» **Instructions to follow**: Where the listing below has a line with "Spectroscopy Worksheet Activity Booklet", write out exactly that line and every line after it, stopping after the line with "發(fā)布時(shí)間:2025年07月02日 10時(shí)來(lái)源:本站原創(chuàng)瀏覽:225 人次".

» **Source information**:
- Opening Delimiter -
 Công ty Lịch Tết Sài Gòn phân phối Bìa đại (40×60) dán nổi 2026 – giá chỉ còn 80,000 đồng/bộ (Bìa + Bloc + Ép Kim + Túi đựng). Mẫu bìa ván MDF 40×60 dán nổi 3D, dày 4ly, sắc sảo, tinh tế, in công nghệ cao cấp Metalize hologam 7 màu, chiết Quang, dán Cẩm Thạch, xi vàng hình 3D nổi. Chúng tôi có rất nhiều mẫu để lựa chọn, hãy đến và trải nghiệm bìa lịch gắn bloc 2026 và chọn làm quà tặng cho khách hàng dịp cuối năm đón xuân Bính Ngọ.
- Closing Delimiter -
- Opening Delimiter -
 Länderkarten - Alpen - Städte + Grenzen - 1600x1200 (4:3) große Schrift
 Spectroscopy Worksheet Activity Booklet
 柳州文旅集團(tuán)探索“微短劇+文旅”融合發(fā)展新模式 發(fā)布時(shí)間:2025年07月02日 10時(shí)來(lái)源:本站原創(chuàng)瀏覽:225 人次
- Closing Delimiter -
» **Reply to the exercise**:
 Spectroscopy Worksheet Activity Booklet
 柳州文旅集團(tuán)探索“微短劇+文旅”融合發(fā)展新模式 發(fā)布時(shí)間:2025年07月02日 10時(shí)來(lái)源:本站原創(chuàng)瀏覽:225 人次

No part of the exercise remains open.